#### Exercise prompt
A verbatim transcript of the data below is required, images omitted.

#### Material provided

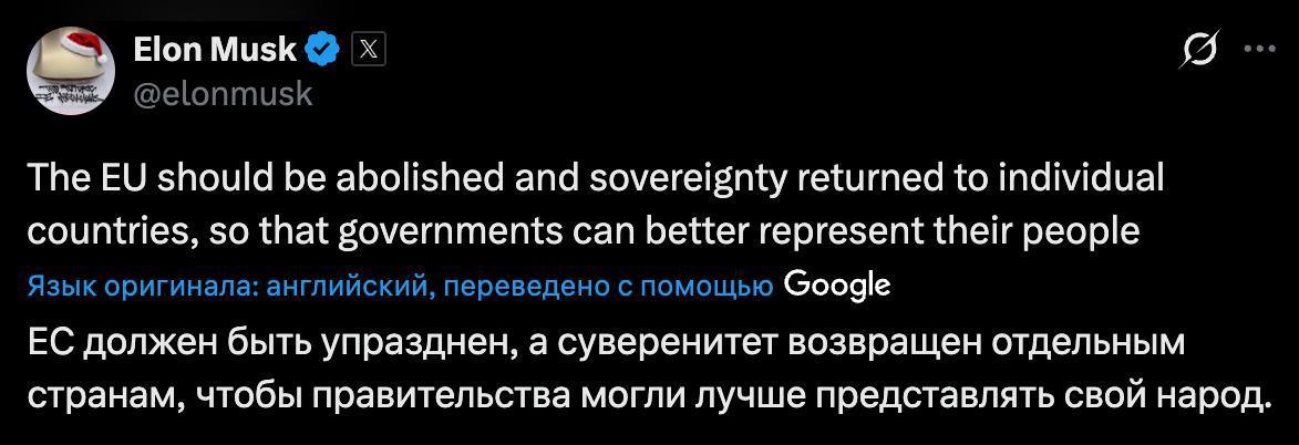 Обиженный Маск призвал ликвидировать ЕС после того, как Еврокомиссия оштрафовала его соцсеть Х на €120 млн за нарушение закона о цифровых услугах!
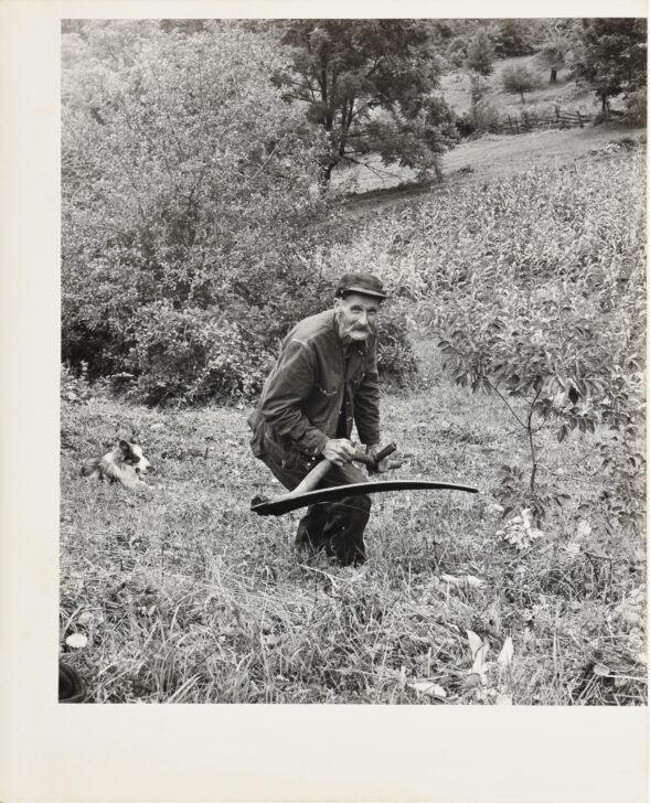 An old man stands on a hill holding a large scythe with a wooden handle and curved metal cutting portion. A dog watches the man's progress from the background.
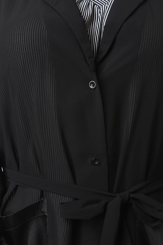 This plus size maxi top features a semi-sheer chiffon fabric, contrast front silk pockets, and self-tie sash on waist and long sleeves. Button-up closure, notched collars, and side slits finish. Accessories sold separately. 100% Polyester.

#### Result for this task
 Обиженный Маск призвал ликвидировать ЕС после того, как Еврокомиссия оштрафовала его соцсеть Х на €120 млн за нарушение закона о цифровых услугах!
 An old man stands on a hill holding a large scythe with a wooden handle and curved metal cutting portion. A dog watches the man's progress from the background.
 This plus size maxi top features a semi-sheer chiffon fabric, contrast front silk pockets, and self-tie sash on waist and long sleeves. Button-up closure, notched collars, and side slits finish. Accessories sold separately. 100% Polyester.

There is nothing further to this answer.